Question

Determine the limit of the sequence or show that the sequence diverges. If it converges, find its limit. $$ a_{n}=\frac{(n !)^{2}}{(2 n) !} $$

Short answer

The sequence converges to 0.

Step-by-step solution

Understand the Sequence

The sequence given is \(a_n = \frac{(n!)^2}{(2n)!}\). We need to identify if this sequence converges or diverges and, if it converges, determine its limit.

Apply Stirling's Approximation

Stirling's approximation states for large \(n\), \(n! \approx \sqrt{2 \pi n} \left( \frac{n}{e} \right)^n\). Using this for both \(n!\) and \((2n)!\), we have:- \((n!)^2 \approx (\sqrt{2\pi n} \left(\frac{n}{e}\right)^n)^2 = (2\pi n) \left(\frac{n}{e}\right)^{2n}\)- \((2n)! \approx \sqrt{4\pi n} \left(\frac{2n}{e}\right)^{2n} = 2^{2n} n^{2n} \sqrt{4\pi n}\)

Simplify the Sequence Using Approximation

Substituting the approximations into our sequence, we get:\[a_n = \frac{(2\pi n) \left(\frac{n}{e}\right)^{2n}}{2^{2n} n^{2n} \sqrt{4\pi n}} = \frac{2\pi n \cdot n^{2n} \cdot e^{-2n}}{2^{2n} \cdot n^{2n} \cdot \sqrt{4\pi n}}\]This simplifies to:\[a_n = \frac{e^{-2n} \cdot 2 \pi n}{2^{2n} \cdot \sqrt{4\pi n}}\]

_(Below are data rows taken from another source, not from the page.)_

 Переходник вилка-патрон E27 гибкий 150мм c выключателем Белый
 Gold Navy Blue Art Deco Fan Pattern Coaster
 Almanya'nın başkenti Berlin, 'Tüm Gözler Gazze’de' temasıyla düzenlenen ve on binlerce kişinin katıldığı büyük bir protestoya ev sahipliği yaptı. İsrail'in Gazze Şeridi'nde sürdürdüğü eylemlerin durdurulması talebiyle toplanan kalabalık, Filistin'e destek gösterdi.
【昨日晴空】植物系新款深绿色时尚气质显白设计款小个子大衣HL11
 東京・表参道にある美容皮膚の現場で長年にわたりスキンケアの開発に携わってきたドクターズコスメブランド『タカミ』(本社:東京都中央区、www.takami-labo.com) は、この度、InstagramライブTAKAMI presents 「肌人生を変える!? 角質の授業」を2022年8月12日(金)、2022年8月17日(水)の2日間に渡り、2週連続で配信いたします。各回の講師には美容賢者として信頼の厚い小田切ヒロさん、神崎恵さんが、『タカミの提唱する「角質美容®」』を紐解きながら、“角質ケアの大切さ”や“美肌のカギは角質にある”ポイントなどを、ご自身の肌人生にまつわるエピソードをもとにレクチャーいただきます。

Analyze the Limit of Simplified Sequence

Further simplifying gives us:\[a_n = \frac{(2\pi n)}{2^{2n} \sqrt{4\pi n}} \cdot e^{-2n} = \frac{\sqrt{\pi} \cdot n^{3/2}}{2^{2n}}\]As \(n\) becomes very large, the exponential term \(2^{2n}\) in the denominator grows much faster than the polynomial \(n^{3/2}\) in the numerator. Therefore, the sequence tends to 0.

Conclusion of Limit

Since the exponential growth in the denominator overtakes the polynomial growth in the numerator as \(n\) approaches infinity, the sequence converges to 0.

Key concepts

Stirling's approximation

Stirling's approximation is a useful tool in mathematics, especially when dealing with large numbers. It helps to approximate the factorial of a number, denoted as \( n! \). The formula used for Stirling's approximation is:

• \( n! \approx \sqrt{2\pi n} \left( \frac{n}{e} \right)^n \)

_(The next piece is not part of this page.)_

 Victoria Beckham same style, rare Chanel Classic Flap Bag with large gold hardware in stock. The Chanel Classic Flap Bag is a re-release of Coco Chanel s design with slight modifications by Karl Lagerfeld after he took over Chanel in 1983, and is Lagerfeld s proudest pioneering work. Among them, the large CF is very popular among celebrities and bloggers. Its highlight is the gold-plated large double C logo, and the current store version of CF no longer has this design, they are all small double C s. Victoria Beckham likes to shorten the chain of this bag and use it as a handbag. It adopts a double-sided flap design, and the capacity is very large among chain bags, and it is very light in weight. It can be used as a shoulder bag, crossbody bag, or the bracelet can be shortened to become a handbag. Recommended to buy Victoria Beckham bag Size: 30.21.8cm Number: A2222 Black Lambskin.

This approximation becomes more accurate as \( n \) increases. It's particularly helpful for simplifying problems that involve large factorials.
In the given exercise, Stirling's approximation allows us to simplify complex expressions like \((n!)^2\) and \((2n)!\). By substituting these approximations, it becomes easier to analyze the sequence and its behavior as \( n \) tends towards infinity.
The benefit of using Stirling's approximation in this context is that it transforms an otherwise very challenging problem into a more manageable form, enabling further simplification and analysis of the sequence.

Factorials in sequences

Factorials in sequences often appear in problems dealing with combinations, permutations, or series. They are a product of all positive integers up to a given number \( n \). The expression \( n! \) grows very quickly as \( n \) increases.
When factorials occur in sequences, they can dominate the behavior of the sequence, often making it difficult to analyze directly. In the original exercise, the sequence is defined by \( a_n = \frac{(n!)^2}{(2n)!} \). This involves both \( n! \) and \( (2n)! \), significantly impacting the nature of the sequence.
To handle sequences involving factorials, simplification techniques like Stirling's approximation become essential. These allow a deeper analysis by converting the factorials into expressions that can be more readily compared or simplified.

Asymptotic analysis

Asymptotic analysis is a powerful technique to understand the behavior of sequences or functions as they progress towards a limit, often as \( n \) approaches infinity. It focuses on approximating the main term or growth rates involved.
In mathematical problems, particularly with sequences, the approach often taken is to simplify the terms in a way that reveals the leading contributions that define the limit behavior.

• For instance, in the original problem, \( a_n = \frac{(n!)^2}{(2n)!} \), asymptotic analysis was used to determine that the growth rate of the denominator, \( 2^{2n} \), outpaces the numerator, resulting in the term approaching zero as \( n \) increases.

By focusing on the dominant terms, asymptotic analysis allows for more straightforward predictions about convergence or divergence without requiring an exact solution for each case. In the context of the exercise, it led us to conclude that the sequence converges to zero, illustrating both convergence and the capacity of asymptotic methods to simplify complex calculations.